Input
::::::::
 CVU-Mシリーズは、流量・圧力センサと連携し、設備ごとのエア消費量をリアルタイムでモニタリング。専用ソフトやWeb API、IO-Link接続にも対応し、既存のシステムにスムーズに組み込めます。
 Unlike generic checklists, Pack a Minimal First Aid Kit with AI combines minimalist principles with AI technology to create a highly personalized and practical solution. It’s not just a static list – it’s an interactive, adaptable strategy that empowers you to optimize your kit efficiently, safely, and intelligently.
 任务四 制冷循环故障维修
::::::::
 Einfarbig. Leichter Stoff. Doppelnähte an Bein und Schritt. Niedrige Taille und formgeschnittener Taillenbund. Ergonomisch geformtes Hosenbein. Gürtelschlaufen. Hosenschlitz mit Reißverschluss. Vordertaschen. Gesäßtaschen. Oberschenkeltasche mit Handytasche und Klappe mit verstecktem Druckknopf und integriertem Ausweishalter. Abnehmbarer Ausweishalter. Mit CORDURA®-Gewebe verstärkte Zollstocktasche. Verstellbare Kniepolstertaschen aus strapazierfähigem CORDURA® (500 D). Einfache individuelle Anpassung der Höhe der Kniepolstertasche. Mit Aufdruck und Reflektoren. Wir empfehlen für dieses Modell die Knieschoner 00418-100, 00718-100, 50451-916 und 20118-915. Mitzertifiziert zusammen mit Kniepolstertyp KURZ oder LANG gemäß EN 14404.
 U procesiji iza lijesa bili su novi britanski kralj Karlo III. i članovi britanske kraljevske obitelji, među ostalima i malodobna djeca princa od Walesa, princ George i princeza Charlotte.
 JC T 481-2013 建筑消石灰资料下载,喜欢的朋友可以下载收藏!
::::::::
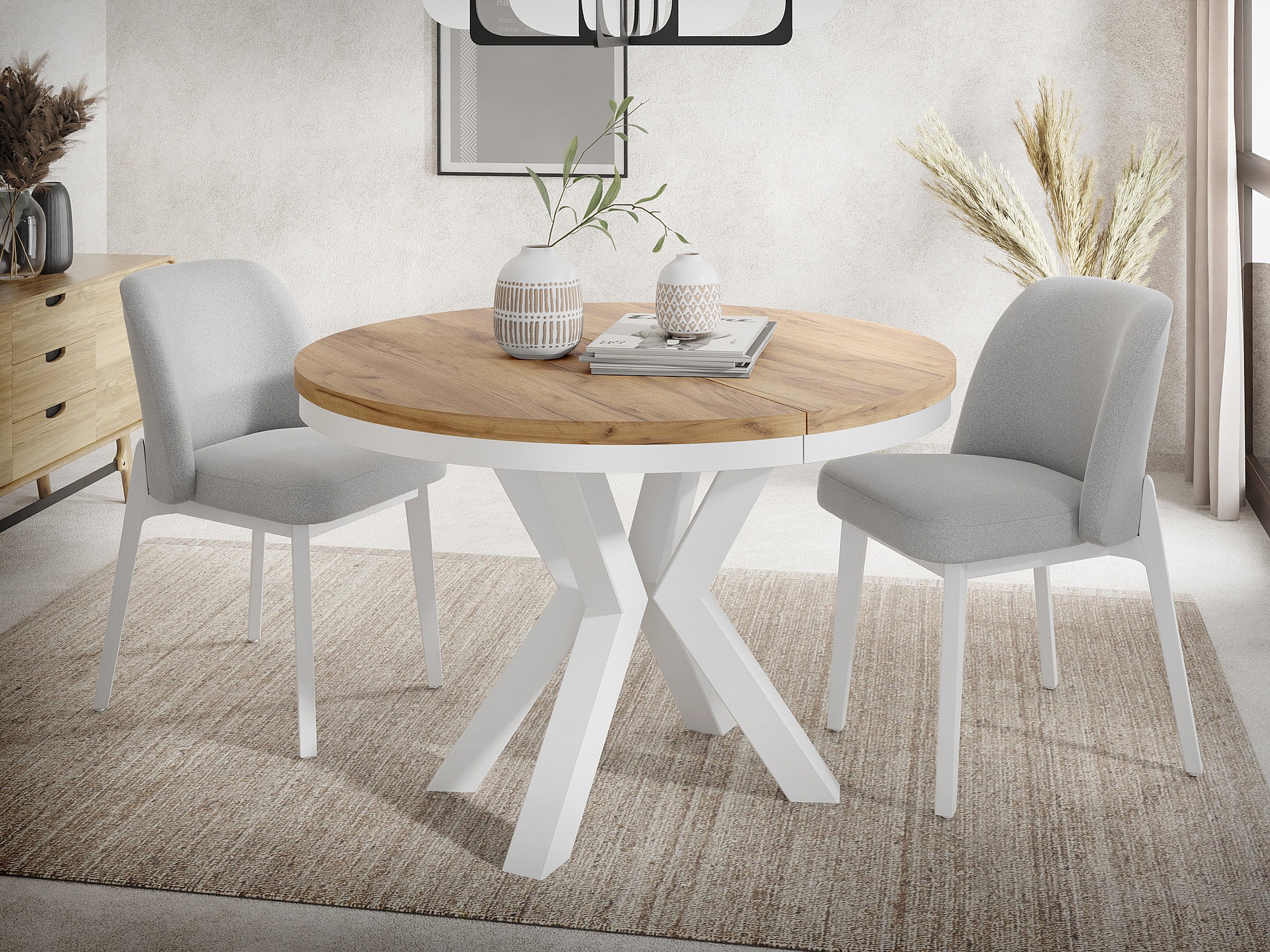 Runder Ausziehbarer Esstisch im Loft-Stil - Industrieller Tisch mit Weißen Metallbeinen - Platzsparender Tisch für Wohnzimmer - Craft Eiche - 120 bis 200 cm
::::::::
Your task
Going back over the entries above, copy word for word every line from the one that has "Einfarbig. Leichter Stoff." on through the one that has "JC T 481-2013 建筑消石灰资料下载,喜欢的朋友可以下载收藏!".

Result for this task
 Einfarbig. Leichter Stoff. Doppelnähte an Bein und Schritt. Niedrige Taille und formgeschnittener Taillenbund. Ergonomisch geformtes Hosenbein. Gürtelschlaufen. Hosenschlitz mit Reißverschluss. Vordertaschen. Gesäßtaschen. Oberschenkeltasche mit Handytasche und Klappe mit verstecktem Druckknopf und integriertem Ausweishalter. Abnehmbarer Ausweishalter. Mit CORDURA®-Gewebe verstärkte Zollstocktasche. Verstellbare Kniepolstertaschen aus strapazierfähigem CORDURA® (500 D). Einfache individuelle Anpassung der Höhe der Kniepolstertasche. Mit Aufdruck und Reflektoren. Wir empfehlen für dieses Modell die Knieschoner 00418-100, 00718-100, 50451-916 und 20118-915. Mitzertifiziert zusammen mit Kniepolstertyp KURZ oder LANG gemäß EN 14404.
 U procesiji iza lijesa bili su novi britanski kralj Karlo III. i članovi britanske kraljevske obitelji, među ostalima i malodobna djeca princa od Walesa, princ George i princeza Charlotte.
 JC T 481-2013 建筑消石灰资料下载,喜欢的朋友可以下载收藏!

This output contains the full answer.